PROBLEM TO SOLVE → Since pictures do not belong in the copy, please repeat every record below exactly without them.

------------------------------

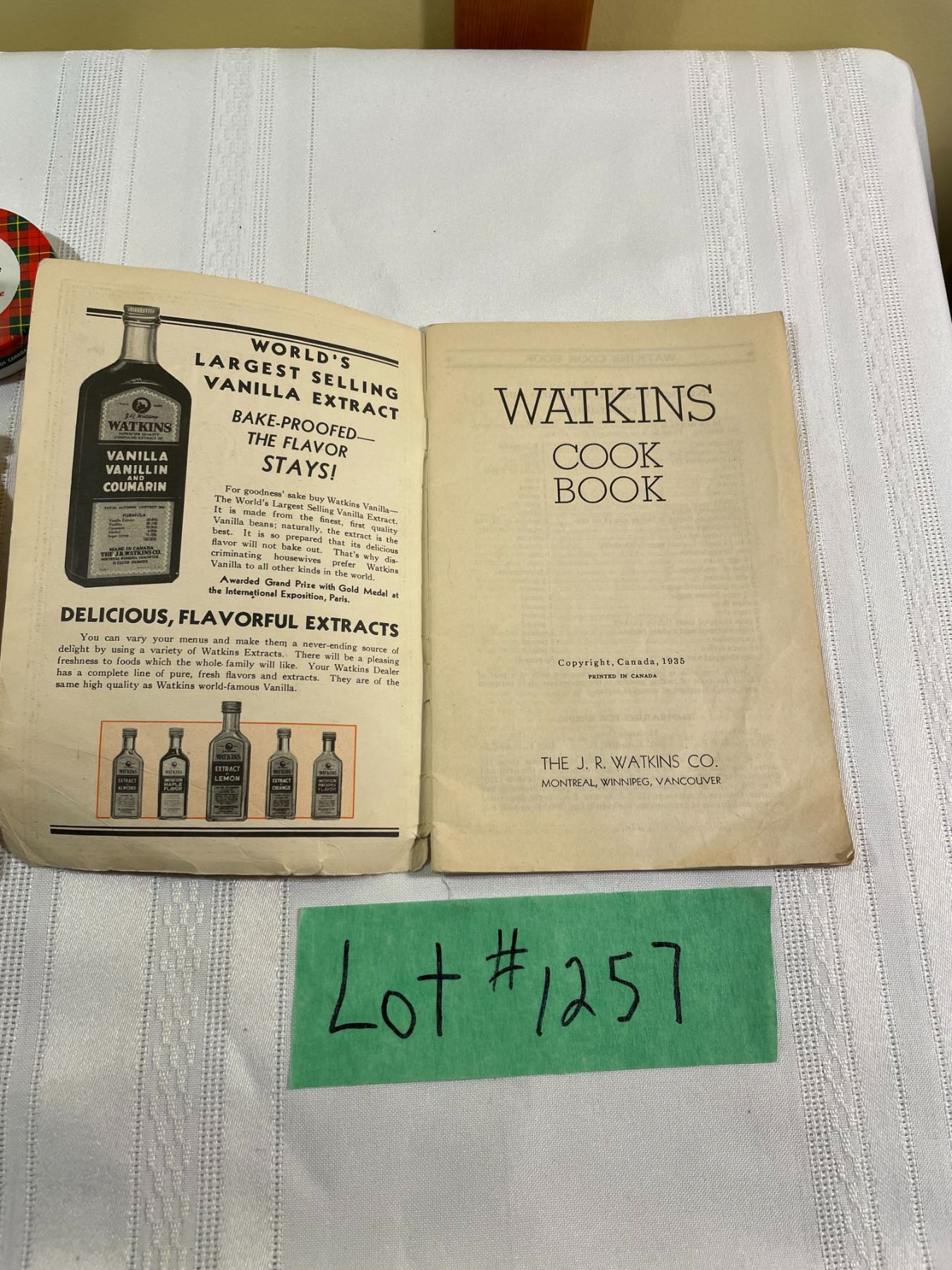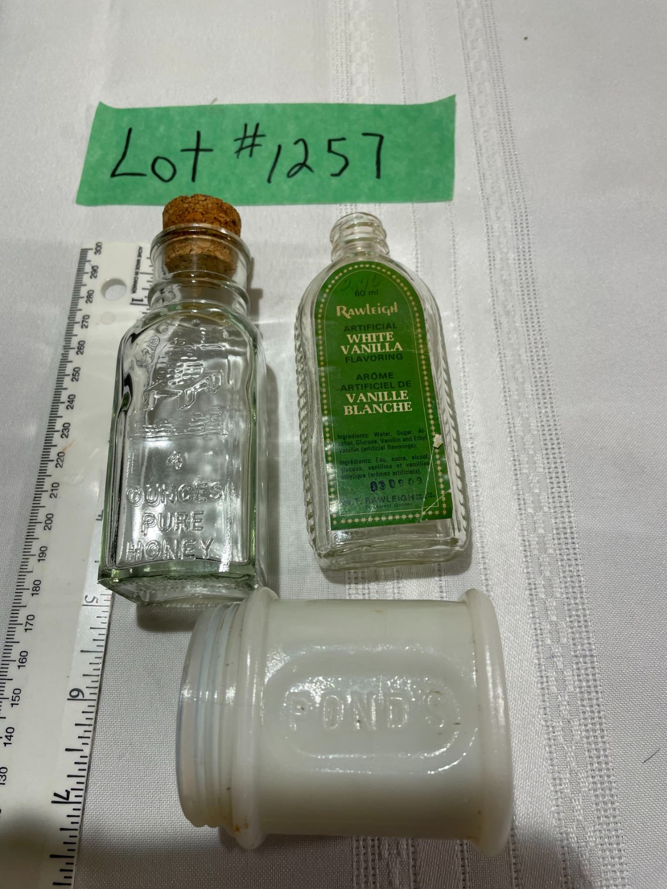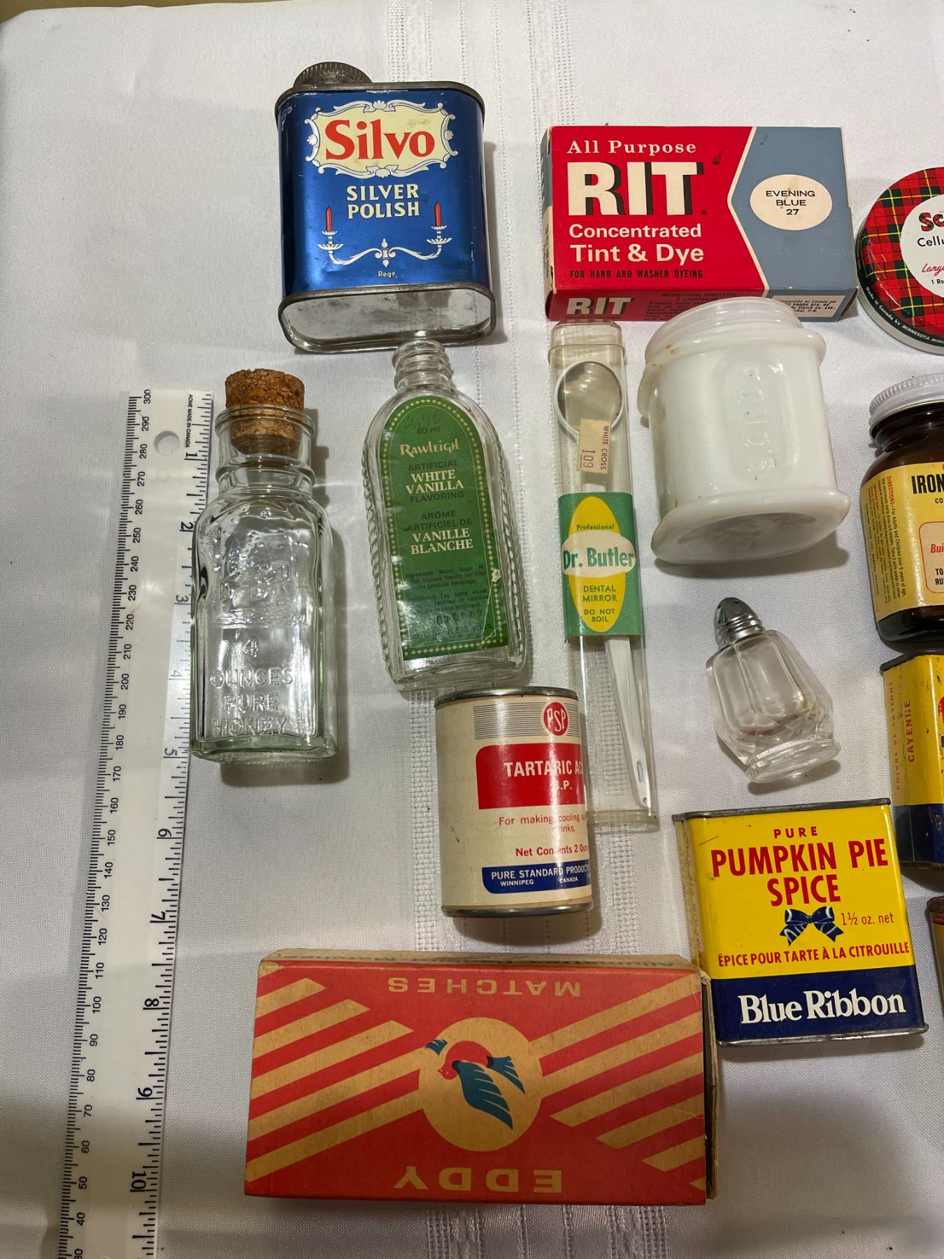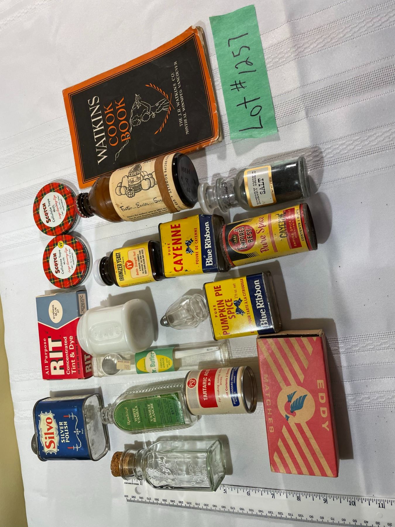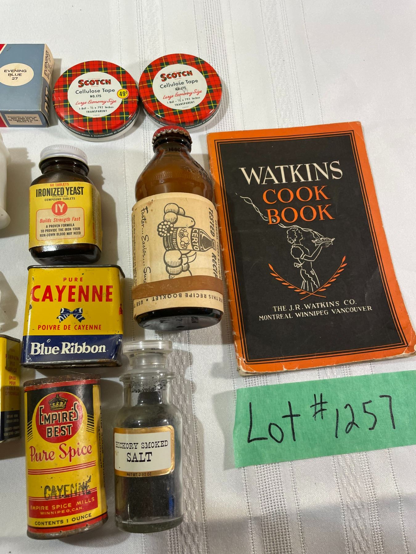 (1) Watkins Cook Book - 1935 Copy right Booklet Size (1) Metal Can Silvi Silver Polish (1) Box Rit tint and Dye Evening Blue #27 (1) Box Eddy Matches - Box only (1) Metal Box Pure Pumpkin Spice Blue Ribbon (1) Scotch Cellulose Tape metal container # 175 49cents Price (1) 1 of above with no pricetag (1) Dr. Batler Dental Mirror (white Cross 109 Price Tag) (1) Can from Tartaric Acid 2 oz.(1) Empire Best Pure Spice Cayenne - 1oz. (1) Ponds Glass Container - no lid -white (1) Raw Leigh Artificial White Vanilla Flavoring Clear glass bottle - no lid (1) Glass Bottle Clear with Cork Lid 4 oz. Pure Honey (1) Brown Bottle For Ironized Yeast Tablets with lid (1) Salt or Pepper Glass shaker (tiny) (1) Glass container - Hickory Smoked Salt 2oz. (1) Glass Certo (Brown) container with dried certo + metal lid and 1 recipe booklet
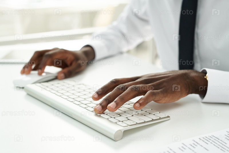 Бизнесмен, печатающий на компьютерной клавиатуре
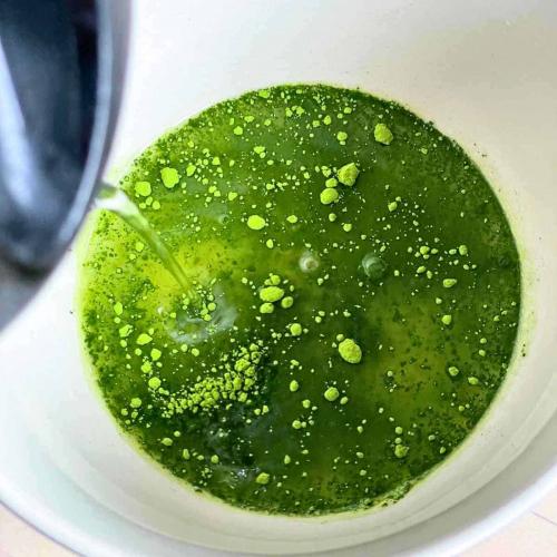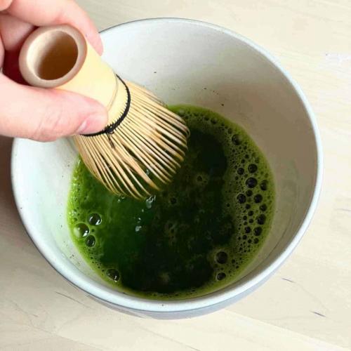 When whisking green tea powder with a bamboo whisk, you want to whisk using a continuous W or M motion. Don’t use circular movements because that will not break up the green tea powder enough.
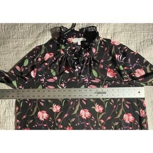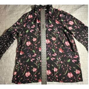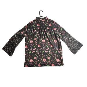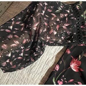 Fever Women’s Blouse -L- Black Floral Flutter Sleeves -Cottagecore Romantic-EUC
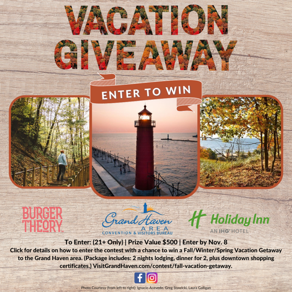 Winner will be selected randomly from entries that meet the above requirements. Winner of the Fall Vacation Giveaway will be posted on the VisitGrandHaven Facebook and Instagram accounts on Friday, November 13, 2020.
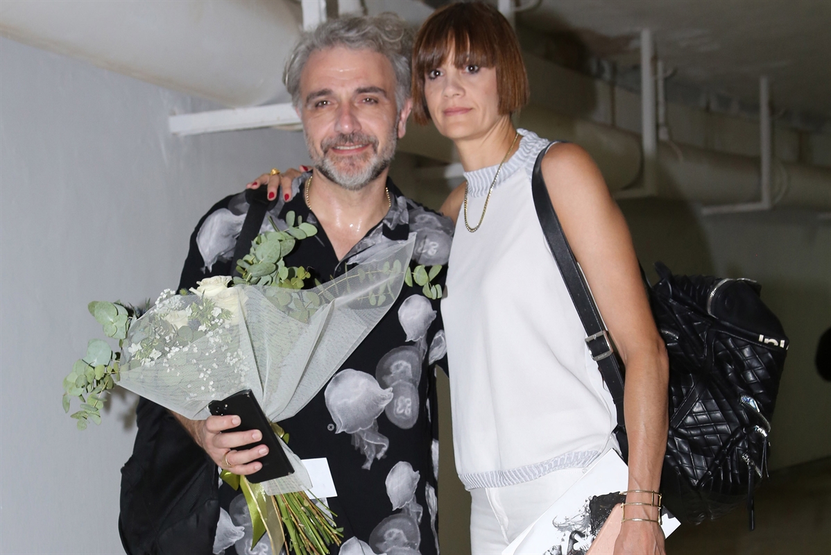 O ηθοποιός πρωταγωνιστεί στην παράσταση «Μήδεια του Ευριπίδη» και όταν εμφανίστηκαν στο Κατράκειο Θέατρο η σύζυγός του ήταν εκεί για να τον καμαρώσει. Μετά το τέλος της παράστασης πήγε να τον συγχαρεί δίνοντάς του και μία ανθοδέσμη και χαμογελαστοί πόζαραν στον φωτογραφικό μας φακό.
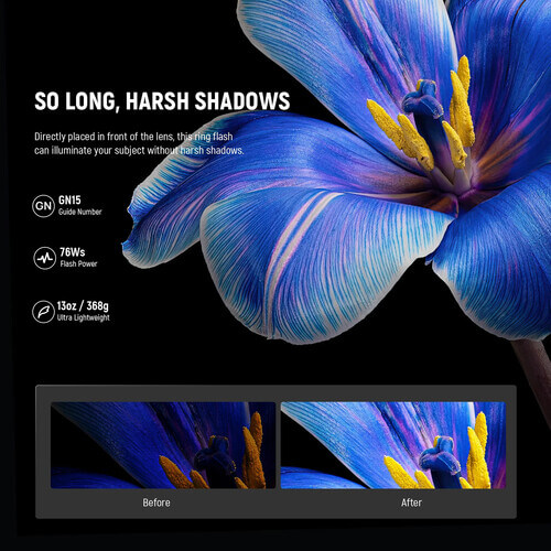 The Neewer RF1-S TTL Macro Ring Flash is a compact, high-performance lighting solution designed for Sony cameras, perfect for macro and close-up photography. Whether you’re shooting portraits, plants, insects, or products, the RF1-S ensures uniform illumination without harsh shadows.
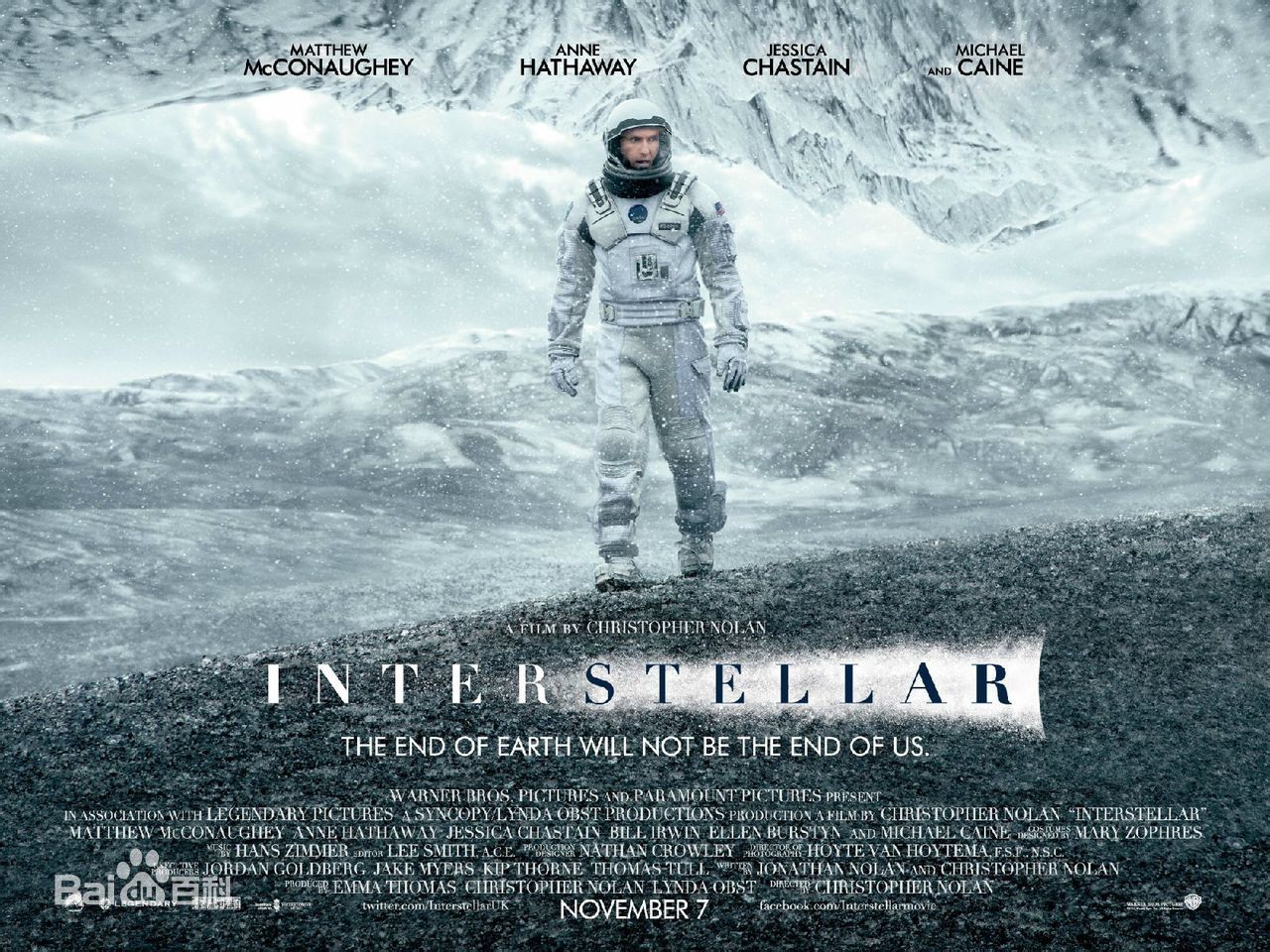《星际穿越》(interstellar)是克里斯托弗·诺兰执导,由马修·麦康纳、安妮·海瑟薇、杰西卡·查斯坦及迈克尔·凯恩主演,上映于2014年的一部原创科幻冒险电影,《星际穿越》虽然是一部科幻电影却是基于知名理论物理学家,诺贝尔物理学奖得主基普·索恩的黑洞理论经过合理演化之后,加入人物和相关情节改编而成。
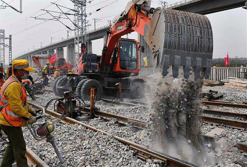 3月22日,银西高铁陕西段茂陵站完成首次转线换装施工,成功将西平增建二线与陇海线接驳,为后续银西高铁建设开通奠定基础。图为工人在茂陵站首次转线换装施工现场作业。
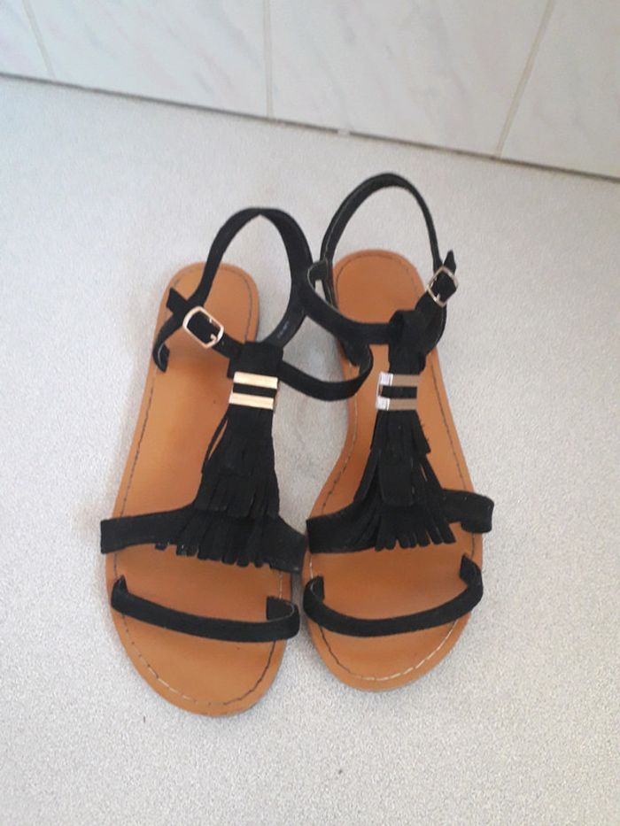 nu-pieds en daim de couleur noire porté quelques fois taille 37
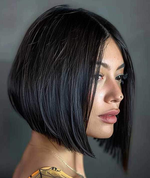 Graduated bob haircut is characterized by stacked layers at the back that gradually lengthen toward the front, creating a sleek, angled shape. This style adds volume and body, especially for fine or thin hair, while beautifully framing the face. With its clean lines and dynamic movement, the graduated bob offers a contemporary and polished look.
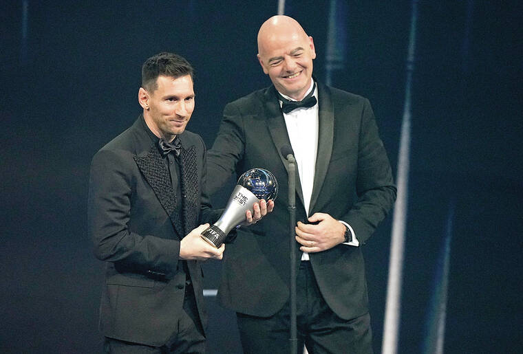PARIS (AP) — World Cup champion Lionel Messi edged Kylian Mbappé again, this time to take FIFA’s best men’s player award on Monday.
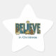The word "Believe" with a beautiful nativity scene on a holiday sticker containing the manger with baby Jesus, Mary, Joseph, a shepherd, sheep and a donkey. You can customize with your own quote. Fun for Christmas parties and get-togethers or gift wrapping.
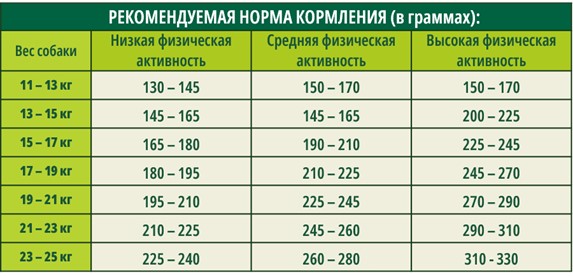 Указанные количества являются ориентировочными и могут отличаться от приведенных в таблице в зависимости от возраста, размера собаки и уровня ее физической активности.
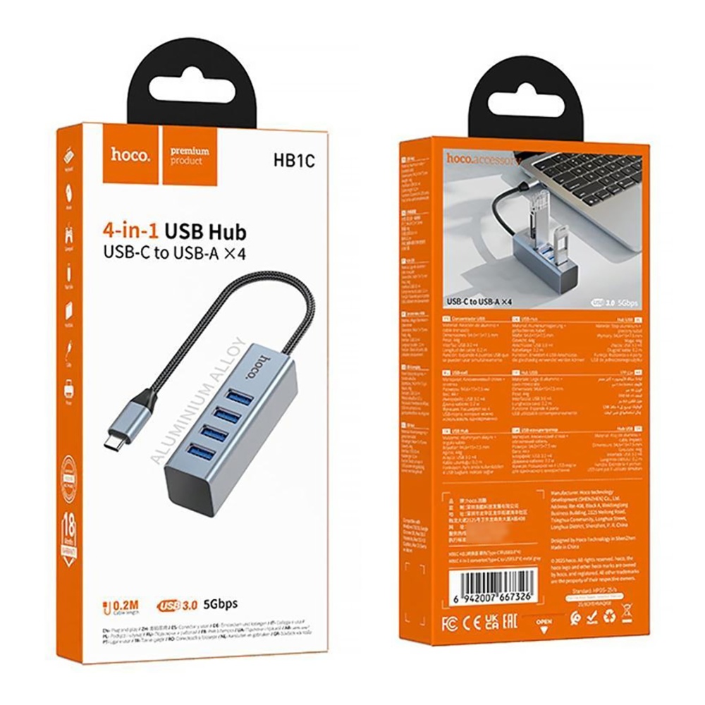 Адаптер переходник Hoco HB1C 4в1 Type-C to 4 USB 3.0 (F) metal gray

------------------------------

WRITTEN RESPONSE →
 (1) Watkins Cook Book - 1935 Copy right Booklet Size (1) Metal Can Silvi Silver Polish (1) Box Rit tint and Dye Evening Blue #27 (1) Box Eddy Matches - Box only (1) Metal Box Pure Pumpkin Spice Blue Ribbon (1) Scotch Cellulose Tape metal container # 175 49cents Price (1) 1 of above with no pricetag (1) Dr. Batler Dental Mirror (white Cross 109 Price Tag) (1) Can from Tartaric Acid 2 oz.(1) Empire Best Pure Spice Cayenne - 1oz. (1) Ponds Glass Container - no lid -white (1) Raw Leigh Artificial White Vanilla Flavoring Clear glass bottle - no lid (1) Glass Bottle Clear with Cork Lid 4 oz. Pure Honey (1) Brown Bottle For Ironized Yeast Tablets with lid (1) Salt or Pepper Glass shaker (tiny) (1) Glass container - Hickory Smoked Salt 2oz. (1) Glass Certo (Brown) container with dried certo + metal lid and 1 recipe booklet
 Бизнесмен, печатающий на компьютерной клавиатуре
 When whisking green tea powder with a bamboo whisk, you want to whisk using a continuous W or M motion. Don’t use circular movements because that will not break up the green tea powder enough.
 Fever Women’s Blouse -L- Black Floral Flutter Sleeves -Cottagecore Romantic-EUC
 Winner will be selected randomly from entries that meet the above requirements. Winner of the Fall Vacation Giveaway will be posted on the VisitGrandHaven Facebook and Instagram accounts on Friday, November 13, 2020.
 O ηθοποιός πρωταγωνιστεί στην παράσταση «Μήδεια του Ευριπίδη» και όταν εμφανίστηκαν στο Κατράκειο Θέατρο η σύζυγός του ήταν εκεί για να τον καμαρώσει. Μετά το τέλος της παράστασης πήγε να τον συγχαρεί δίνοντάς του και μία ανθοδέσμη και χαμογελαστοί πόζαραν στον φωτογραφικό μας φακό.
 The Neewer RF1-S TTL Macro Ring Flash is a compact, high-performance lighting solution designed for Sony cameras, perfect for macro and close-up photography. Whether you’re shooting portraits, plants, insects, or products, the RF1-S ensures uniform illumination without harsh shadows.
《星际穿越》(interstellar)是克里斯托弗·诺兰执导,由马修·麦康纳、安妮·海瑟薇、杰西卡·查斯坦及迈克尔·凯恩主演,上映于2014年的一部原创科幻冒险电影,《星际穿越》虽然是一部科幻电影却是基于知名理论物理学家,诺贝尔物理学奖得主基普·索恩的黑洞理论经过合理演化之后,加入人物和相关情节改编而成。
 3月22日,银西高铁陕西段茂陵站完成首次转线换装施工,成功将西平增建二线与陇海线接驳,为后续银西高铁建设开通奠定基础。图为工人在茂陵站首次转线换装施工现场作业。
 nu-pieds en daim de couleur noire porté quelques fois taille 37
 Graduated bob haircut is characterized by stacked layers at the back that gradually lengthen toward the front, creating a sleek, angled shape. This style adds volume and body, especially for fine or thin hair, while beautifully framing the face. With its clean lines and dynamic movement, the graduated bob offers a contemporary and polished look.
PARIS (AP) — World Cup champion Lionel Messi edged Kylian Mbappé again, this time to take FIFA’s best men’s player award on Monday.
The word "Believe" with a beautiful nativity scene on a holiday sticker containing the manger with baby Jesus, Mary, Joseph, a shepherd, sheep and a donkey. You can customize with your own quote. Fun for Christmas parties and get-togethers or gift wrapping.
 Указанные количества являются ориентировочными и могут отличаться от приведенных в таблице в зависимости от возраста, размера собаки и уровня ее физической активности.
 Адаптер переходник Hoco HB1C 4в1 Type-C to 4 USB 3.0 (F) metal gray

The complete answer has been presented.